Presiden menegaskan situs bersejarah merupakan bagian penting dari perjalanan panjang Indonesia menuju kemerdekaan dan kedaulatan.

Ia menyampaikan, “Kadang-kadang kita tidak menghormati sejarah kita, situs-situs bersejarah dibongkar. Ini para kepala daerah harus memikirkan”.

Penghormatan Sejarah dan Kritik Pengabaian Situs

Presiden menilai pengalaman sejarah bangsa Indonesia yang panjang, mulai dari masa penjajahan, intervensi asing, hingga perjuangan merebut kedaulatan, harus dipahami secara utuh oleh para pemimpin daerah.

Pemahaman tersebut, menurut Presiden, penting agar kesalahan masa lalu tidak terulang dalam pengelolaan pemerintahan saat ini.

Presiden menyoroti masih adanya praktik pengabaian terhadap peninggalan sejarah di sejumlah daerah, termasuk pembongkaran prasasti dan situs bersejarah yang seharusnya dilindungi.

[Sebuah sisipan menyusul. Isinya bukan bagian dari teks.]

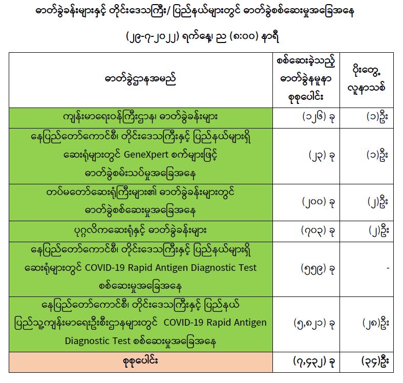 COVID-19 သံသယလူနာများ၊ ဓာတ်ခွဲအတည်ပြုလူနာနှင့် အနီးကပ်ထိတွေ့ခဲ့သူများနှင့် အသွားအလာကန့်သတ်ထားရှိသူများအား COVID-19 ရောဂါ ရှိ၊ မရှိ ဓာတ်ခွဲစစ်ဆေးခြင်း ပုံမှန်ဆောင်ရွက်လျက်ရှိပြီး (၂၈-၇-၂၀၂၂) ရက်နေ့၊ ည (၈:၀၀) နာရီမှ (၂၉-၇-၂၀၂၂) ရက်နေ့၊ ည (၈:၀၀) နာရီအတွင်း ဓာတ်ခွဲနမူနာစုစုပေါင်း (၇,၄၃၂) ခုအား စစ်ဆေးပြီးစီးခဲ့ရာ COVID-19 ရောဂါ ဓာတ်ခွဲအတည်ပြုလူနာသစ် (၃၄) ဦးတွေ့ရှိရပါသည်။ ထို့ကြောင့် ယနေ့အတွက် ရောဂါပိုးတွေ့ရှိမှု ရာခိုင်နှုန်းမှာ (၀.၄၆) ရာခိုင်နှုန်းရှိပါသည်။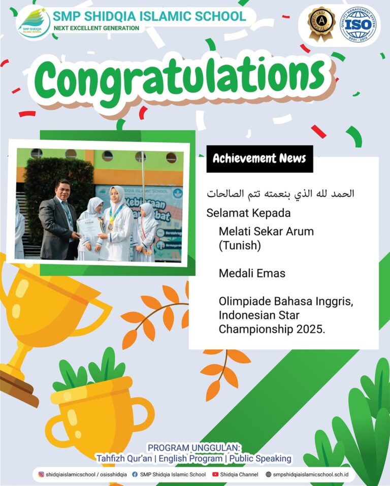 4. Melati Sekar Arum (Tunish) – Medali Emas Olimpiade Bahasa Inggris, Indonesian Star Championship 2025.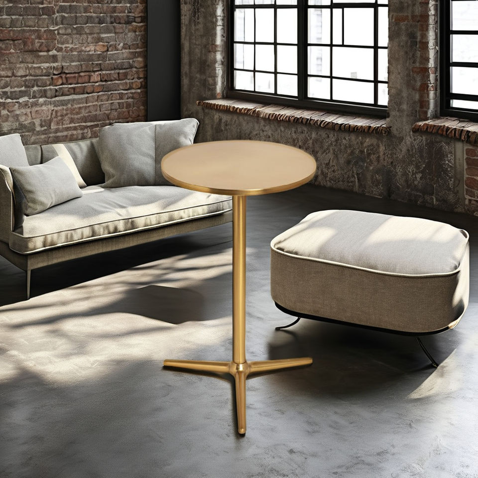 โต๊ะข้างเครื่องดื่มโลหะสีดำแนวอุตสาหกรรมทันสมัยโต๊ะกาแฟพร้อมฐานขาตั้งกล้องแบบเรียบง่ายปลายเล็กกลางแจ้งในร่ม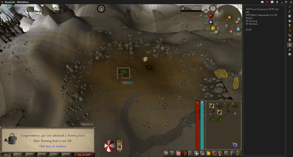 Once I got back to OSRS I promptly completed My Arm’s Big Adventure, hitting 27 Farming while My Arm was harvesting the Goutweed at the end of the quest (Congratulations to My Arm as well!), then 30 Farming from the actual quest rewards, and I’m ending the period with 33 Farming, potentially 34.

Ia menilai kondisi tersebut mencerminkan kurangnya penghormatan terhadap memori perjuangan bangsa.

Presiden menyampaikan, “Saya mau tanya, di mana Stasiun RRI yang digunakan oleh Bung Tomo waktu pertempuran 10 November? Apakah masih ada? Di mana situs-situs Majapahit? Saya dengar ada beberapa yang sudah jadi pabrik saudara-saudara”.

Rakornas dan Pesan Keberlanjutan Bangsa

Presiden menegaskan keberadaan pemerintah saat ini merupakan hasil dari perjuangan panjang generasi sebelumnya.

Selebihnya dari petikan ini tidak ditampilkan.